4.1 Simple Bandpass Filter Design

1. I am a little lost on the big picture for lab 8. Is the idea that we are writing a program that decodes a dialed (input) touch tone number and breaks it down in to its two frequencies? Also, in selecting beta so that the max value of the frequency response is 1, can we limit our formula to the DTMF frequencies? There would be no need for this to be a working application for any possible frequency, correct?

ANSWER: YES, and then you can decide which number was pressed. I don’t think the limitation you ask about would make it any easier or harder.

2. I am confused about how to get beta equal to one.

ANSWER: For the function freqz, remember how you can input a numerator, then make the denominator = 1 so that the requirement for the fraction doesn’t matter? So, the fact

that this is a cosine doesn’t matter either; we know it is real because it is a cosine, therefore it is like a vector of real numbers and can be used as filter coefficients in the function freqz.

3. Should we pick a beta value so that the maximum value of the frequency response will exactly equal one, or will approach one as L approaches infinity?

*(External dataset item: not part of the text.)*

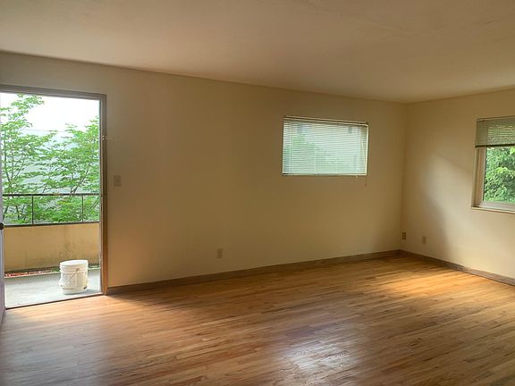 Incredibly spacious and light-filled two bedroom unit for rent! 800 square feet with the nicest, gleaming, original hardwood floors you may ever see! Warm oak color in the sunbeams. Freshly repainted kitchen cabinets. At the rear of the top floor looking out onto greenery, not onto a street or another building--view of trees out back vs looking at more walls! Small, intimate, family-owned / local-owned building, walking distance to everything Ballard has to offer but still off the main thoroughfare on a quiet, tree-lined street. Breweries and restaurants, grocery stores, parks, the library, bus lines! One to two parking spots available for an additional fee.

ANSWER: If you try to derive a mathematical formula, you may have to settle for something that is only EXACT for n–> infinity. If you let MATLAB do it, you can make it exact for any L.

4. Do we want the entire h[n] to equal 1, after summation, and if so, how do we get MATLAB to do this?

ANSWER: You have to make the peak of the FREQUENCY RESPONSE be equal to one; not h[n]. i.e., you determine beta based on scaling the frequency response to 1, then apply the beta that you got to the impulse response.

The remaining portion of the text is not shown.